NASA’s Perseverance Rover is driving at a record-setting pace toward a river delta potentially teeming with signs of ancient life. The three-mile journey, which began on March 14, was deemed important enough that engineers have minimized other science activities so the rover could focus solely on driving.
PERSEVERANCE ROVER SEARCHING FOR SIGNS OF ANCIENT LIFE
Since landing on the Martian surface in February of 2021, Perseverance’s primary objective has remained searching for signs of past microbiological life. This mission includes collecting and caching rock, and soil samples that the rover team believes are the best targets for housing such ancient life signs.
ROVER TARGET ONE OF THE BEST LOCATIONS FOR PAST MICROSCOPIC LIFE
“The delta is so important that we’ve actually decided to minimize science activities and focus on driving to get there more quickly,” said Ken Farley of Caltech, a Perseverance’s project scientist, in a press release. “We’ll be taking lots of images of the delta during that drive. The closer we get, the more impressive those images will be.”
“This delta is one of the best locations on Mars for the rover to look for signs of past microscopic life,” the release explains. That’s because previous analysis revealed that the delta once supported an ancient Martian lake. Still, the route is a dangerous one, but something mission planners believe their rover can handle.

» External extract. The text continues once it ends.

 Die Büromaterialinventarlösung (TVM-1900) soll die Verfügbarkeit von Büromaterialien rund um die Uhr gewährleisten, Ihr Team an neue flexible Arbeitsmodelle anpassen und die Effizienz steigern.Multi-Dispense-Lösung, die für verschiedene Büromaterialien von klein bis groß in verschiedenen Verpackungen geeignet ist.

“When we first looked at Jezero Crater as a landing site, we were concerned about the dense fields of rocks we saw scattered across the crater floor,” said veteran rover planner and flight software developer Mark Maimone of NASA’s Jet Propulsion Laboratory. “Now we’re able to skirt or even straddle rocks that we couldn’t have approached before.”
“Self-driving processes that took minutes on a rover like Opportunity happen in less than a second on Perseverance,” added Maimone. “Because autonomous driving is now faster, we can cover more ground than if humans programmed every drive.”

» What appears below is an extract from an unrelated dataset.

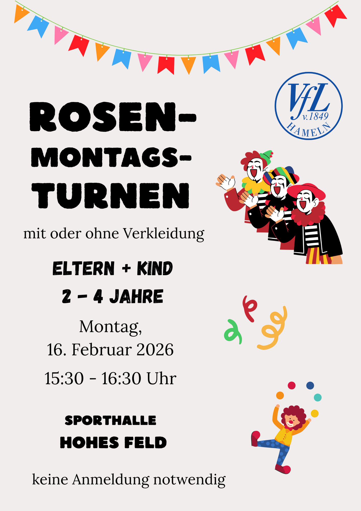Es ist Karneval! Jedes Kind ist am Montag, dem 16. Februar 2026 willkommen, mit seinen Eltern und uns zu turnen. Los geht es um 15:30 Uhr in der Sporthalle Hohes Feld.

SELF DRIVING SOFTWARE IS EVOLVING TO HANDLE THE JOB
No definitive timeline is given for an arrival at the river delta. However, the rover team is hoping to finish their drive in a record-setting time thanks to the advanced smarts of the AutoNav system.
“On past rovers, autonomy meant slowing down because data had to be processed on a single computer,” said Maimone. “This extra computer is insanely fast compared to what we had in the past, and having it dedicated for driving means you don’t have to share computing resources with over 100 other tasks.”